Und auch Menschen, die primär an einer klinisch relevanten Depression leiden, können im trügerischen Bestreben nach hilfreicher Selbstmedikation ihrer bedrohlichen Psychose noch einen Alkoholismus aufsatteln. Diese facettenreiche Problematik liegt darin begründet, dass Alkohol (Ethylalkohol, Äthanol, Äthylalkohol, Weingeist) als psychotrope Substanz ganz massiv in die Gehirnchemie eingreift. Deshalb sollte jeder, der ganz bewusst zum Glas greift, sehr genau wissen, was der Geist des Weines mit seinem Gehirn anstellen wird.
Glück ist ein Vollbad des Gehirns im Neurotransmitter Serotonin
Der Botenstoff Serotonin spielt eine tragende Rolle bei der Entstehung klinisch relevanter Depressionen. Denn es hat sich herausgestellt, das ein auffälliger Mangel an Serotonin fast zwangsläufig ins lebensgefährliche Stimmungstief führt. Nun fügt es sich aber, dass Alkohol im Gehirn ein regelrechtes Serotonin-Feuerwerk erzwingt – im gesunden wie im erkrankten Nervengeflecht. Das unbeschwerte Glücksgefühl, welches dem endlich wieder fröhlichen Zecher dadurch am Hirnhorizont glaubhaft vorgegaukelt wird, führt dazu, dass diese biochemische Flucht aus dem tiefen Tal der Tränen immer und immer wieder angetreten wird.
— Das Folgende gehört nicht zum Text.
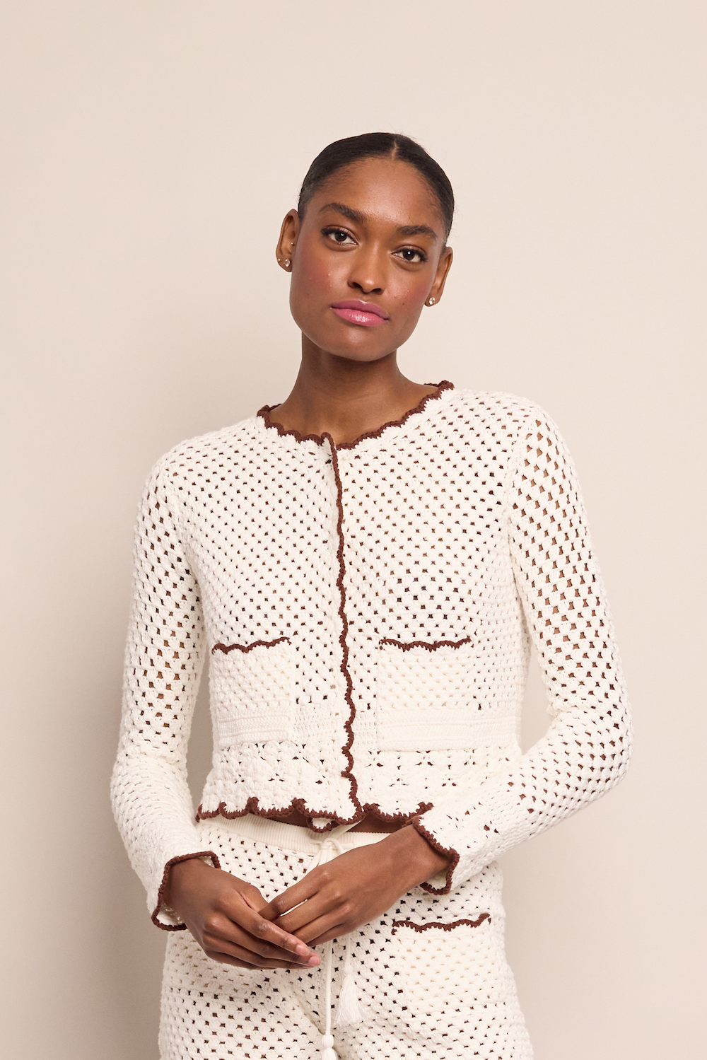 • Crochet stitch with contrast tipping scallop edge

So wirkt Alkohol sozusagen ursächlich als Antidepressivum, das man sich selbst verschreiben kann. Allerdings treibt man auf diese Weise den Teufel mit dem Beelzebub aus. Deshalb muss von dieser Form der Selbstmedikation dringend abgeraten werden, so verführerisch sie auch scheinen mag. Wer spürt, dass sich das eigene Gemüt bedrohlich verfinstert, der sollte sein Heil nicht in der Schnapsflasche, sondern rechtzeitig beim Psychotherapeuten oder beim Psychiater suchen.
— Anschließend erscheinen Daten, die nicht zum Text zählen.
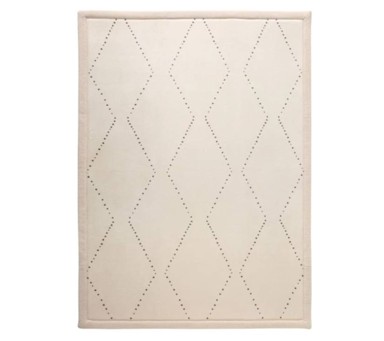 Dječji tepih dimenzija 200 x 150 cm s uzorkom točkica izrađen je od koraljnog baršuna, elastične memorijske pjene debljine 2,5 cm i protuklizne podloge. Osigurava ugodan i siguran prostor za dječju igru te se lako održava usisavanjem ili brisanjem vlažnom krpom. Ne sadrži štetne tvari poput BPA ili ftalata.

Es ist schlimm genug, an einer Depression zu leiden. Da muss man sich nicht auch noch eine Alkoholkrankheit draufpacken.
Ich trinke nicht zuviel – schließlich verschütte ich ja das meiste
Klingt erst mal lustig. Doch das Lachen vergeht schnell, wenn die Hände so stark zittern, dass sie sich nur durch ein erneutes Kampftrinken wieder beruhigen lassen. Doch woher kommt dieses Zittern eigentlich?
Alkohol wirkt direkt auf diverse Neurorezeptoren (GABA-Rezeptoren, NMDA-Rezeptoren) ein, und verändert deren normales Verhalten dramatisch. Dadurch kommt es im bewussten Befinden zu absolut unangemessenen Gefühlszuständen der Entspannung und des frei Seins von Furcht oder Angst. Währenddessen müssen sich die vergifteten Neuronen allerdings an das veränderte Milieu anpassen. Dies tun sie, indem sie eine höhere Stimulationstoleranz aufbauen. Das merkt dann der Trinker daran, dass er immer mehr Alkohol konsumieren muss, um den erleichternden Rausch herbeizuführen. Haben sich die Neuronen erst einmal auf den Dauerkonsum physiologisch eingerichtet, dann brauchen sie diese hohe Blutalkoholkonzentration auch weiterhin für ihre angepassten Funktionen. Und wenn dann die Versorgung mit Alkohol wegbricht, gibt es roten Alarm im Zentralnervensystem. Die Hände zittern. Der trocken gelegte Geist sieht Dinge, die nicht da sind (Stichworte Halluzinationen und Delirium). Es kann auch zu Angstzuständen mit Psychosequalitäten oder zu Krampfanfällen kommen. Kein Wunder, dass Betroffene jetzt ganz schnell wieder zur Flasche greifen mögen.
Alkohol ist ein hoch potentes Nervengift, das das Gehirn teilweise irreversibel verändert und zerstört. Daran sollte man immer denken, bevor man blauäugig einen über den Durst trinkt.